For the past several months, opposition parties and scientists have been raising concern over the way the Conservative government in Ottawa is changing Canadian policies towards the funding of scientific research. Below, James Colliander, a professor of mathematics at the University of Toronto, and blogger, expresses his concerns over the changes. In particular, he expresses skepticism over the government's strategy to create more partnerships between researchers and businesses, and argues the government has not done enough to properly consult scientists on the policy changes.
Canada Retreats from Science
Canada is retreating from investment in science and engineering. Public letters (by 10 prominent physicists, 336 mathematicians, 49 leading researchers) have signaled alarms at changes to the Natural Sciences and Engineering Research Council of Canada (NSERC) Discovery Grants Program, and the elimination of the Major Resources Support (MRS) and Research Tools and Instruments (RTI) programs. Investments in the training of the next generation of researchers through the Postdoctoral Fellowships Program have been slashed.

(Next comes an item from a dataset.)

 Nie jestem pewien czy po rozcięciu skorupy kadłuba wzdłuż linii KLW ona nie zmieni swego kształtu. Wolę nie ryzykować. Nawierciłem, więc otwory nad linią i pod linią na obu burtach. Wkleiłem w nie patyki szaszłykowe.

Without funds to operate laboratories, without funds for new tools, and without funds for young researchers, Canada’s science and engineering research enterprise faces disaster.
The program cuts are not driven by a decrease in the budget to NSERC. The program cuts are instead the result of a transfer of funds away from people and discovery into new programs giving money to businesses, a transformation characterized by the recent report of the federal R&D panel as “mission drift.” The Engage Program, described by NSERC President Suzanne Fortier as spawning business-academy “first dates” provides an illustration. Consider the details of the program:
- NSERC provides $25K of taxpayer funds to pay for a six-month research and development project between a university researcher and a company already involved in research and development.

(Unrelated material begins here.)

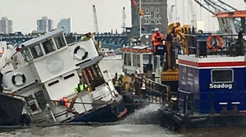 It was the London Fire Brigade that were called out to pump the vessel clear of water, as it would have caused an obstruction should it have sunk. There was no one on board at the time of the incident.

- The company is not required to invest any money on the project.
- Any intellectual property developed by the project is owned by the company. There is no direct return back to taxpayers or the university on the investment.

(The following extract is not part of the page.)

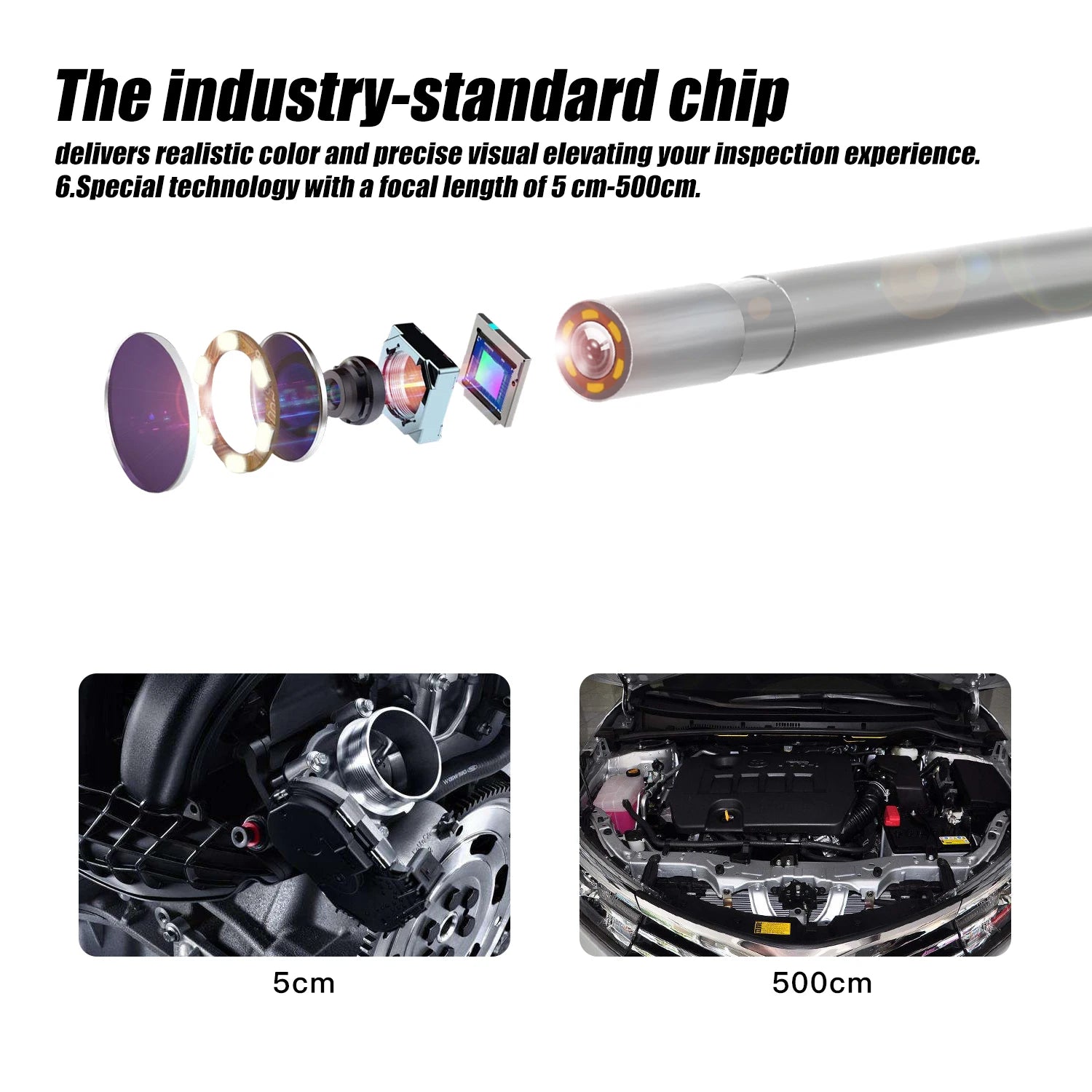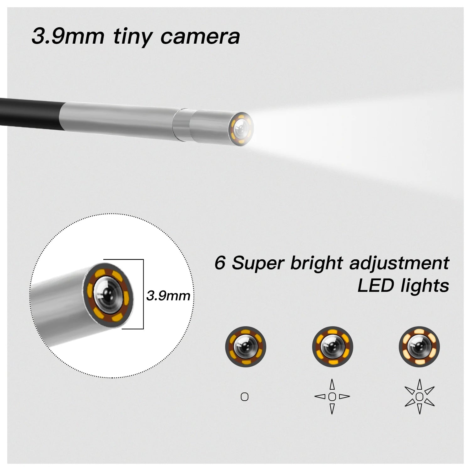- Karanlık alanları aydınlatmak için 6 ayarlanabilir LED'i kullanın ve uzatılmış erişim için farklı tel uzunluklarına (2M, 5M, 10M) geçin.

The program description reports that “these grants are intended to foster the development of new research partnerships between an academic researcher and a company that have never collaborated together before.” However, the Engage Program does not appear to be producing robust collaborative partnerships. There have been cool anecdotes about ski goggles and fiber optic guitar pickups but insufficient reporting on the program as a whole. Recently, in response to an inquiry from the official opposition regarding the conversion rate of Engage grants into the more substantial Collaborative Research and Development (CRD) grants, NSERC reported:
“348 distinct researchers have received both Engage grants and Collaborative Research and Development grants since these programs have operated, and this without regard to the years or the order in time. This number represents 10.62% of the total number of grantees for these two programs.”
I find this statement confusing. In particular, I can’t interpret how many Engage Grants have been funded but President Fortier has written that:
“Nearly a thousand Canadian companies have benefited from the Engage experience to date.”
The statement also does not accurately reveal how many Engage Grants eventually became CRD projects. From a program level perspective, and not just anecdotally, what was achieved?
Despite announcements to the contrary by NSERC and Minister of State for Science and Technology Gary Goodyear, the evidence shows that NSERC and the National Research Council (NRC, now described as a “business concierge”) are transfering funds away from “blue sky” basic research programs to Canadian businesses through programs like Engage.
Recent Inadequate Consultations
Major changes in NSERC funding have often involved the research community through a long range plan (LRP) consultation. Long range plans for subatomic physics and astronomy were recently completed; mathematics/statistics is close to completion. The LRP consultation process activates a nationwide discussion by a community of researchers, contributes scientific input to the federal research investment strategy, and, in some cases, identifies opportunities for cost savings. The broad consultation of the LRP process respectfully empowers researchers to contribute to the policy discussions affecting them and, ultimately, all of Canada.
In contrast, there was no broad consultation in advance of the recent decisions to eliminate the Major Resource Support (MRS) and Research Tools and Instruments (RTI) programs. Shortly after University of Ottawa chemistry professor David Bryce wrote a public letter, and other public messages appeared, Minister Goodyear announced that these actions would only be a moratorium for one year as the government “seeks counsel” from the scientific community. Minister Goodyear’s remarks were reassuring but the terms of the RTI consultation have turned out to be much more narrow in scope. Instead of seeking input from the Canadian scientific community on how best to consolidate the “plethora of programs” and to “simplify the application process,” the consultation asks scientists and engineers to choose between Option 1 (rock) and Option 2 (hard place).
Canada is a spectacular place for scientific and engineering studies. Canada had a research investment strategy that was once the “envy of the world.” Rapid policy changes with inadequate participation by the research community in the decision process threaten Canada’s long-term prosperity.